§ Exercise materials
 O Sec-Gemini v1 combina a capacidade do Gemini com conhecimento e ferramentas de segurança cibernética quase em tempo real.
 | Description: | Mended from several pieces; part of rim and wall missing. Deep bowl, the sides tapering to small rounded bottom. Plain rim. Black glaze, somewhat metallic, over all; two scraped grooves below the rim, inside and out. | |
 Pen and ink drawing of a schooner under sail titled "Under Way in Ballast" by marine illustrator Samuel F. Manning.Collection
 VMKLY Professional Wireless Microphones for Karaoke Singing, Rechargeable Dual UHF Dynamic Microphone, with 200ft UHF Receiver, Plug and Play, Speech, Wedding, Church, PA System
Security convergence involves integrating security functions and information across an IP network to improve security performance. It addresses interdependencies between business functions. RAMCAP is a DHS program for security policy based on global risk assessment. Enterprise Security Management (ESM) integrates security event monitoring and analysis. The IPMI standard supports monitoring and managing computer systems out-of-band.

* * *

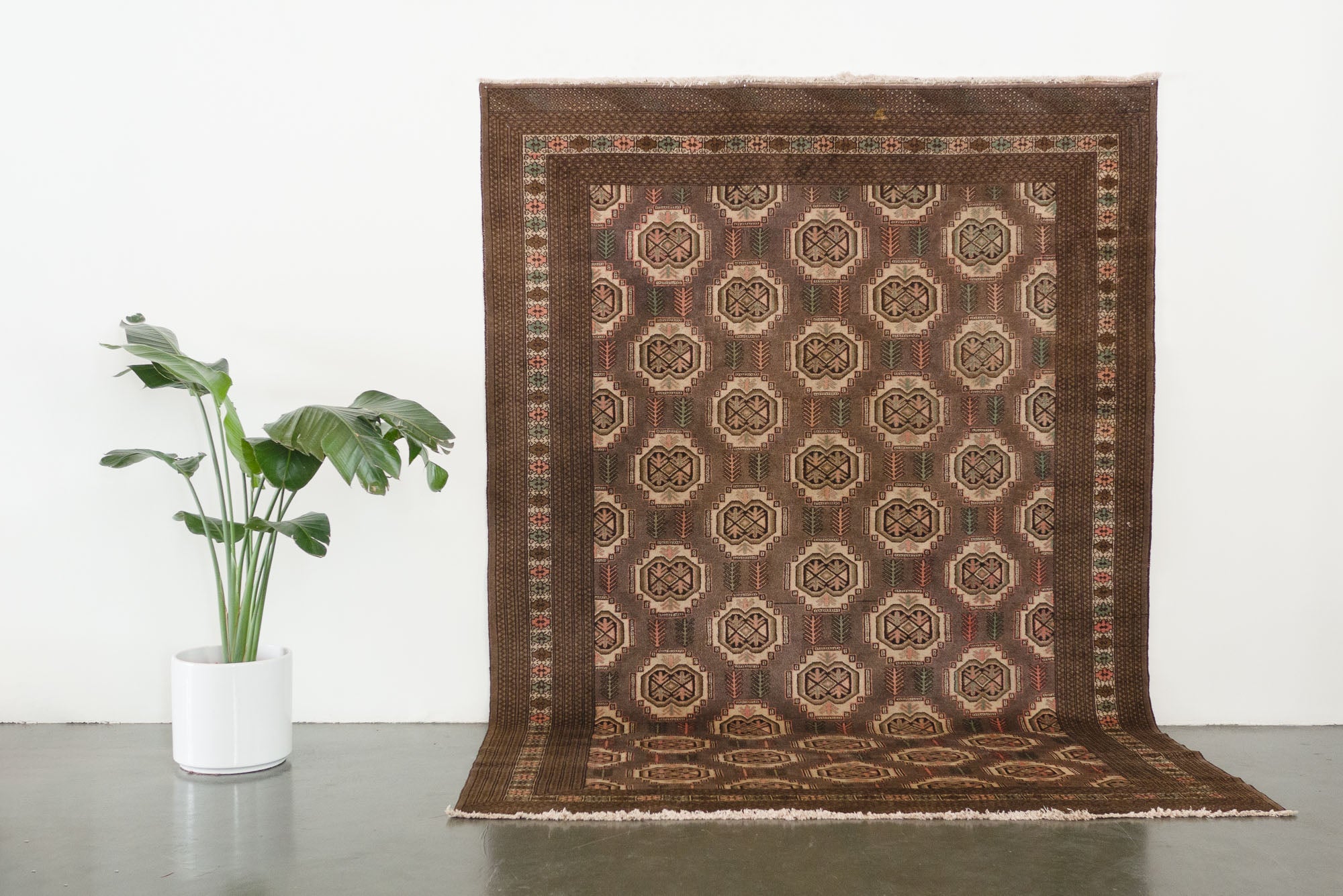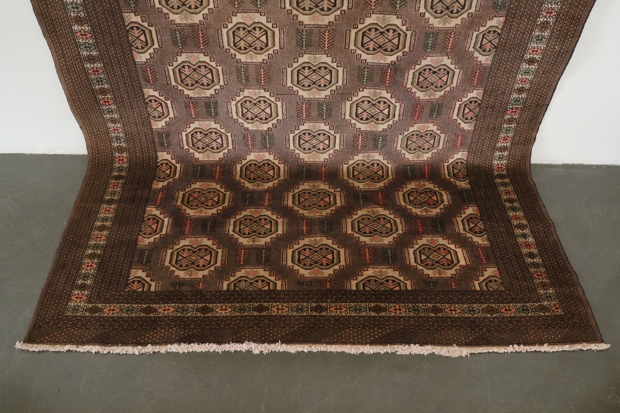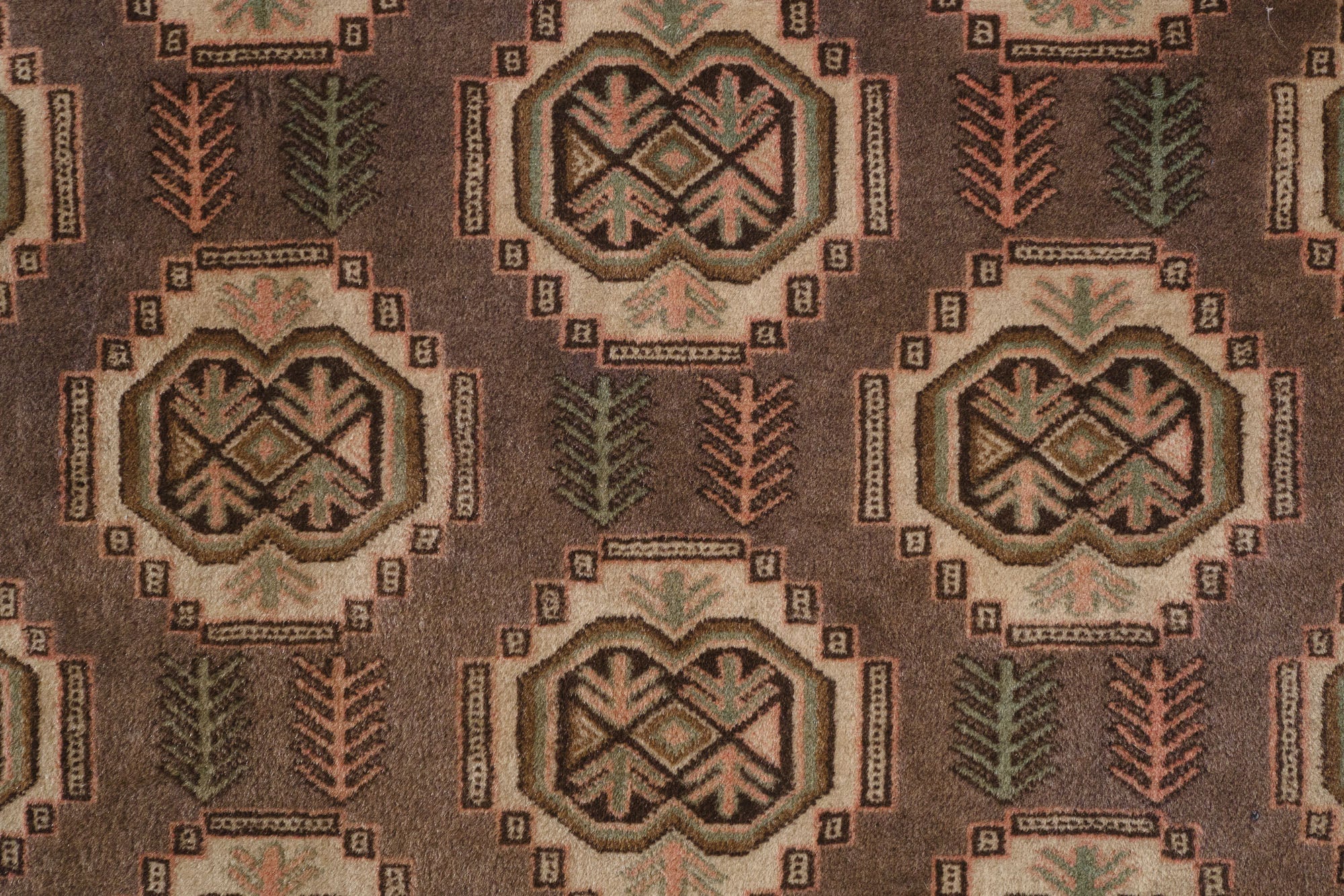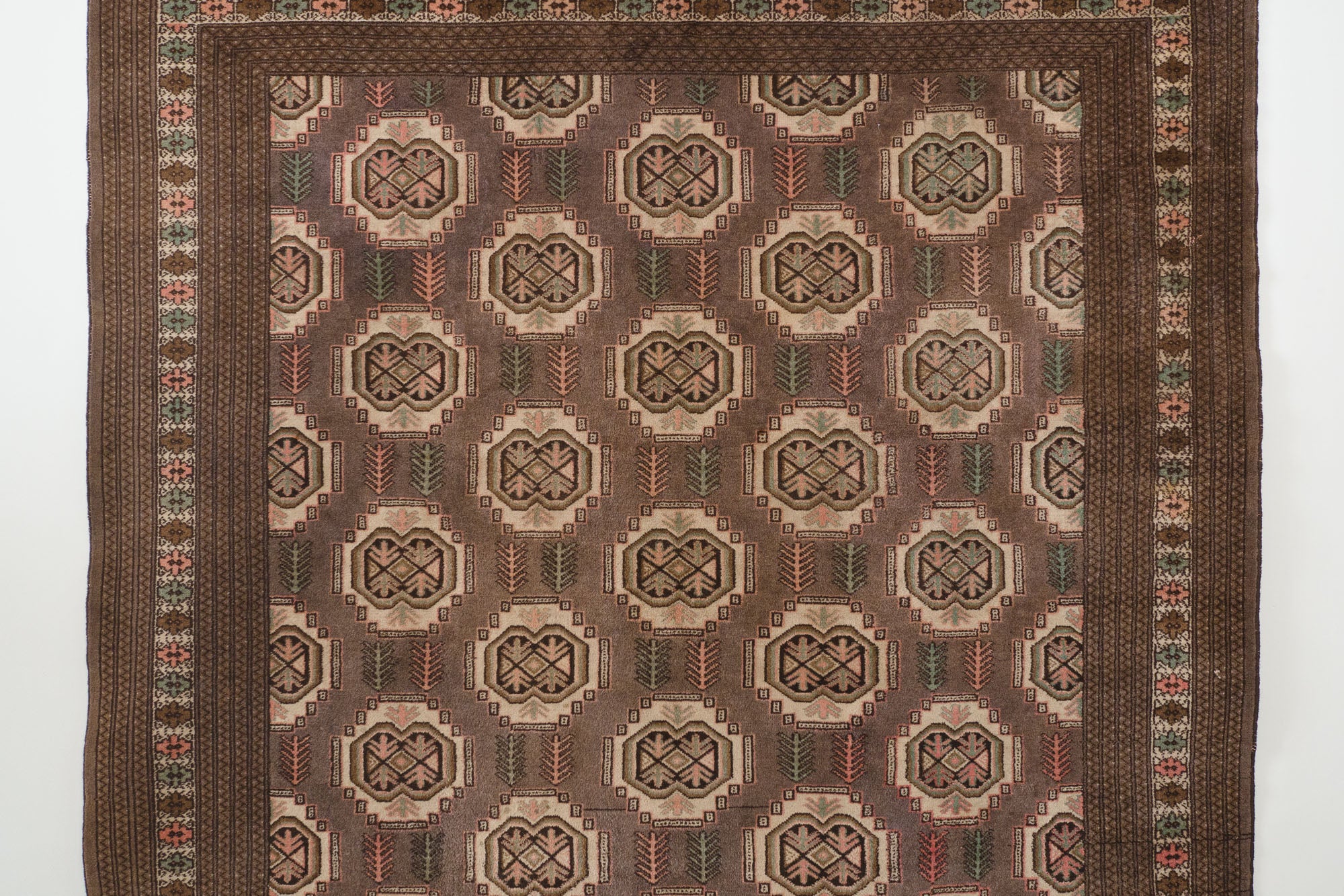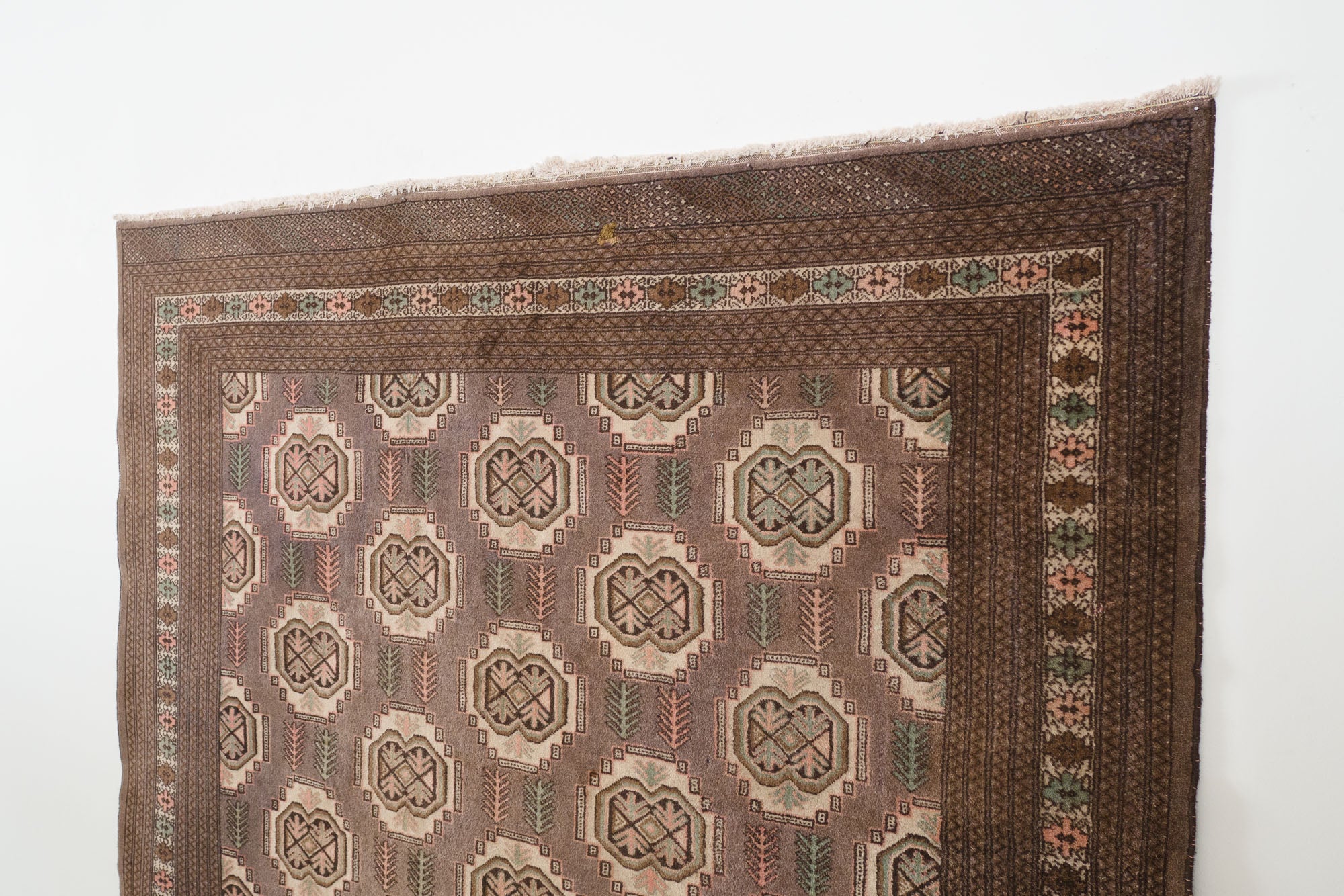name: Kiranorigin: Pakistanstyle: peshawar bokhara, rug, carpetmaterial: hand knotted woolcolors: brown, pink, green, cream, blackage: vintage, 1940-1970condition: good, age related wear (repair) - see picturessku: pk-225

§ Task statement
Above are the entries. Quote exactly the lines from the one bearing "Pen and ink" through the one bearing "Security convergence involves".

§ Exercise output
 Pen and ink drawing of a schooner under sail titled "Under Way in Ballast" by marine illustrator Samuel F. Manning.Collection
 VMKLY Professional Wireless Microphones for Karaoke Singing, Rechargeable Dual UHF Dynamic Microphone, with 200ft UHF Receiver, Plug and Play, Speech, Wedding, Church, PA System
Security convergence involves integrating security functions and information across an IP network to improve security performance. It addresses interdependencies between business functions. RAMCAP is a DHS program for security policy based on global risk assessment. Enterprise Security Management (ESM) integrates security event monitoring and analysis. The IPMI standard supports monitoring and managing computer systems out-of-band.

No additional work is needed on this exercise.